TEST_DATA_PATH = 'data/X_test.csv'
TEST_TARGET_PATH = 'data/y_test.csv'

VALID_DATA_PATH = 'data/X_valid.csv'
VALID_TARGET_PATH = 'data/y_valid.csv'

In [5]:
train_base = pd.read_csv(TRAIN_DATA_PATH)
train = train_base.copy()
train_target_base = pd.read_csv(TRAIN_TARGET_PATH)
train_target = train_target_base.copy()
display(train.shape, train_target.shape)

(577, 11)

(577, 1)

In [6]:
test_base = pd.read_csv(TEST_DATA_PATH)
test = test_base.copy()
test_target_base = pd.read_csv(TEST_TARGET_PATH)
test_target = test_target_base.copy()
display(test.shape, test_target.shape)

(248, 11)

(248, 1)

In [7]:
valid_base = pd.read_csv(VALID_DATA_PATH)
valid = valid_base.copy()
valid_target_base = pd.read_csv(VALID_TARGET_PATH)
valid_target = valid_target_base.copy()
display(valid.shape, valid_target.shape)

(92, 11)

(92, 1)

### Список категориальных признаков до кодирования - для LIME

In [8]:
train.head(3)

Unnamed: 0,Age,Sex,ChestPainType,RestingBP,Cholesterol,FastingBS,RestingECG,MaxHR,ExerciseAngina,Oldpeak,ST_Slope
0,56,M,ASY,137,282,1,Normal,126,Y,1.2,Flat
1,57,F,ASY,128,303,0,LVH,159,N,0.0,Up
2,59,M,ASY,124,160,0,Normal,117,Y,1.0,Flat


In [9]:
cat_features = train.select_dtypes(include=[object]).columns.to_list()
cat_features_indices = [1, 2, 6, 8, 10]
print(cat_features)
print(cat_features_indices)

['Sex', 'ChestPainType', 'RestingECG', 'ExerciseAngina', 'ST_Slope']
[1, 2, 6, 8, 10]


### Список категориальных признаков после кодирования

In [10]:
ohe_cat_features = prep_cat.named_steps['preprocessor'].transformers_[1][1].named_steps['ohe'].get_feature_names(cat_features)
ohe_cat_features_indices = [6, 7, 8, 9, 10, 11, 12, 13, 14, 15, 16, 17, 18, 19]
print(ohe_cat_features)
print(ohe_cat_features_indices)

['Sex_F' 'Sex_M' 'ChestPainType_ASY' 'ChestPainType_ATA'
 'ChestPainType_NAP' 'ChestPainType_TA' 'RestingECG_LVH'
 'RestingECG_Normal' 'RestingECG_ST' 'ExerciseAngina_N' 'ExerciseAngina_Y'
 'ST_Slope_Down' 'ST_Slope_Flat' 'ST_Slope_Up']
[6, 7, 8, 9, 10, 11, 12, 13, 14, 15, 16, 17, 18, 19]

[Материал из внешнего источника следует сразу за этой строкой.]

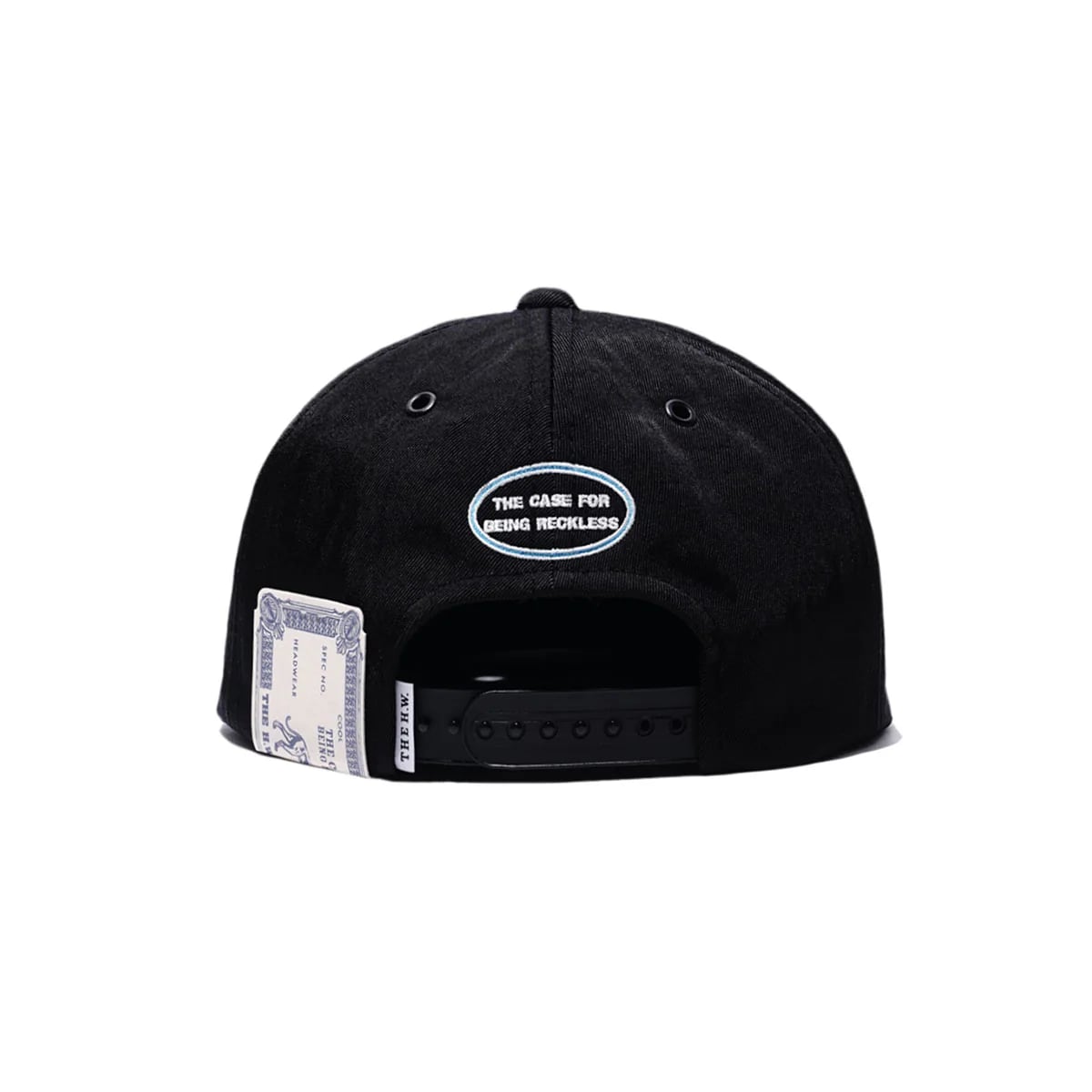 A skate-style cap featuring a low crown with six panels and a flat brim.

### Модель для примера LogisticRegression

In [11]:
classifier = Pipeline([
    ('preprocessing', prep_cat),
    ('classifier', LogisticRegression(random_state = 0)),
])

classifier.fit(train, train_target)

Pipeline(steps=[('preprocessing',
                 Pipeline(steps=[('preprocessor',
                                  ColumnTransformer(transformers=[('num',
                                                                   Pipeline(steps=[('minmax',
                                                                                    MinMaxScaler())]),
                                                                   ['Age',
                                                                    'RestingBP',
                                                                    'Cholesterol',
                                                                    'FastingBS',
                                                                    'MaxHR',
                                                                    'Oldpeak']),
                                                                  ('cat',
                                                                   Pipeline(steps=[('ohe',
  

In [12]:
y_pred_proba = classifier.predict_proba(test)
y_pred = classifier.predict(test)

In [13]:
print(f'ROC_AUC: {roc_auc_score(test_target, y_pred_proba.T[1])}')
print(f'F1 SCORE: {f1_score(test_target, y_pred)}')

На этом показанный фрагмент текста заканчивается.